Friers grew up in the Lagan Village area of Belfast. He was apprenticed to the Belfast lithographic firm S. C. Allen and Co, and studied at the Belfast College of Art from 1935 to 1942. He began publishing his cartoons in the 1940s, concentrating on political cartooning with the advent of the "Troubles" in the late 1960s. His work appeared in Punch, the Radio Times, London Opinion, the Daily Express, the Sunday Independent, Dublin Opinion, the Northern Whig, the News Letter, the Irish Times and the Belfast Telegraph.

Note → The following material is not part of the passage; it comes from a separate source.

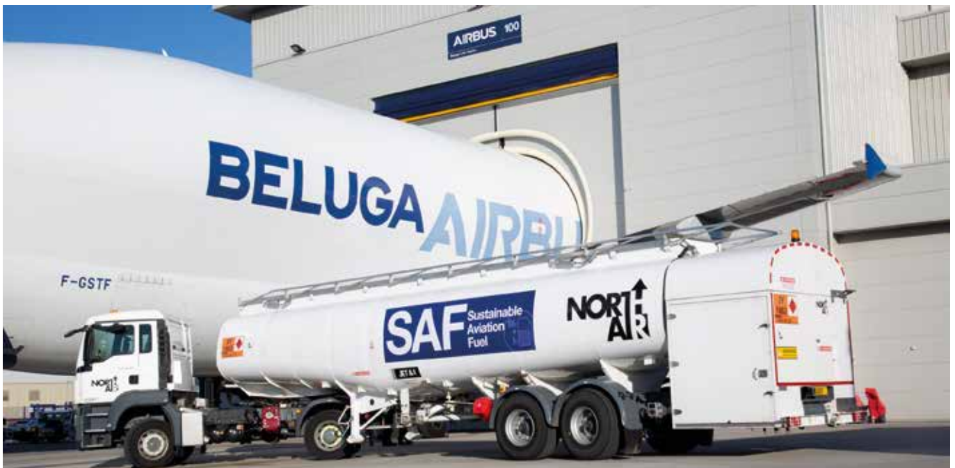
Figure 9: Airbus

Aside from cartooning, Friers was a leading figure in the Ulster Watercolour Society, and his oil paintings hang in the National Portrait Gallery, the gallery of the Ulster Museum, and many other collections. He illustrated more than 30 books, including John Pepper's Ulster dialect books and an American edition of the works of W. B. Yeats. He was a keen actor and television performer, with a talent for mimicry, serving as President of the Ulster Association of Drama Festivals and appearing regularly on chat shows. He was awarded the MBE in 1977. He was President of the Royal Ulster Academy of Arts from 1993 to 1997.
His funeral was attended by a large crowd, including politicians from both sides of the sectarian divide - the SDLP's Lord Fitt and the DUP leader, the Reverend Ian Paisley. He is survived by his wife Yvonne (née Henderson), daughter Vivien and sons Jeremy and Timothy.